3. Required API description

The API is the http request schemas that the server developed by the member must maintain. URLs are built according to the REST paradigm. The angle brackets indicate parts of the URL that can and will vary from request to request.

All responses from the server take into account the headers Content-Type, Content-Length, Connection.

Tip 4. All examples are further nicely and neatly formatted for easier perception. Server responses do not include formatting. Cyrillic and special characters in the URL are encoded by the python function urlencode.

Data retreival requests (GET):

Retreiving list of users: /accounts/filter/

This API method is planned to be used to search for users by predefined or desired fields. For example, someone wanted to see all people of a certain age and gender who live in a particular city.
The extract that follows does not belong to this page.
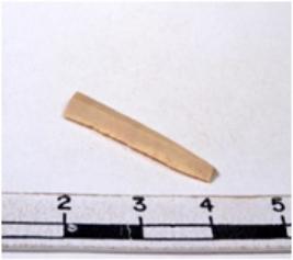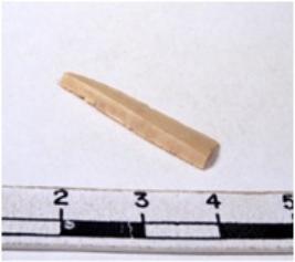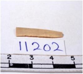 | Description / विवरण | A fragment of a rectangular shaped chert blade showing dorsal sides with sharp edges having smooth surface and triangular section. |

The response body is expected to have a {"accounts": [...]} structure with users whose data correspond to the restrictions specified in the GET parameters. For each matching account entry, it is not necessary to transfer all the data known about it, but only the id, email and those used in the request.

20.12.2018: this request do not use interests and likes in output anymore. This is done by restrictions of server storages.

As a result, users should be sorted by descending values in the id field. The number of records to be selected is limited by the required GET parameter limit.

The remaining GET parameters are configured as <field>_<predicate>. For different fields, only certain filtering predicates can be used, which are listed in the table below. In this query, the action of several parameters is added, that is, first filtering one by one, then filtering the result by the second, and so on.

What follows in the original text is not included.